Scientists have been inquisitive about enormously massive galaxies that were already old and no longer forming new stars in the very early universe, approx. 3 billion years after the Big Bang.
By arraying NASA’s Hubble Space Telescope and Europe’s Herschel Space Observatory, the mystery surrounding the evolution of compact elliptical galaxies, have been solved.
Now new research from the Niels Bohr Institute in Copenhagen, among others, shows that those massive galaxies in the early universe were formed through collisions a few billion years after the Big Bang.
The smallest of these galaxies contain a few million stars, while the largest can contain several hundred billion stars.
The infrared imaging capabilities of the Hubble Space Telescope abetted the astronomers in getting insights and amassing “a representative spectroscopic sampling of ultra-compact, burned-out elliptical galaxies.”
“We at last show how these compact galaxies can form, how it happened, and when it happened. This basically is the missing piece in the understanding of how the most massive galaxies formed, and how they evolved into the giant ellipticals of today,” said leader of the study Sune Toft of the Dark Cosmology Center at the Niels Bohr Institute.
“This had been a great mystery for many years because just 3 billion years after the big bang we see that half of the most massive galaxies have already completed their star formation.”
Toft advanced a theory that the massive galaxies were formed by the fusion of smaller galaxies. However, that alone does not clarify how they became so massive so fast.

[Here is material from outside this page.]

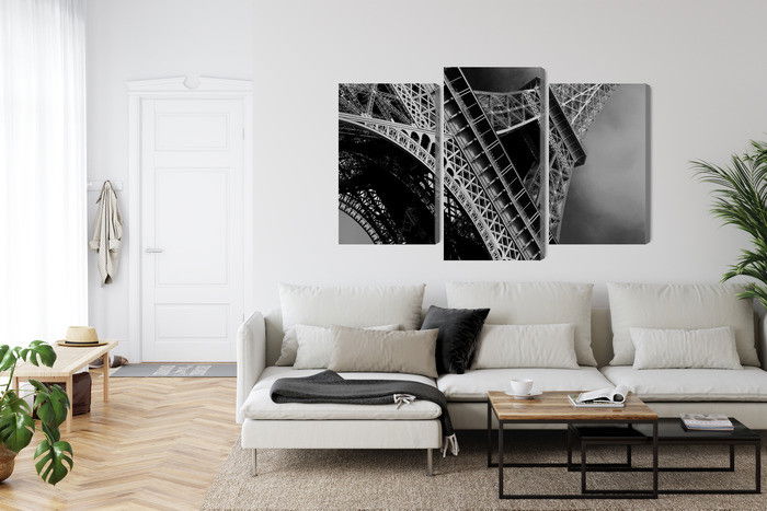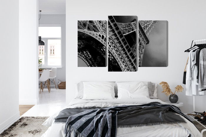 Ljuddämpande tavla – Black and white eiffel tower för lugnare rum och mjukare akustik

“My theory that it must have been some galaxies with very specific properties that were part of the formation process made me focus on the special SMG galaxies, which are dominated by intense star formation hidden under a thick blanket of dust,” explains Toft.
The new research is a step forward in discovering the foundation process of the immensely massive and dead galaxies in the early universe.
The results are published in the scientific journal, Astrophysical Journal.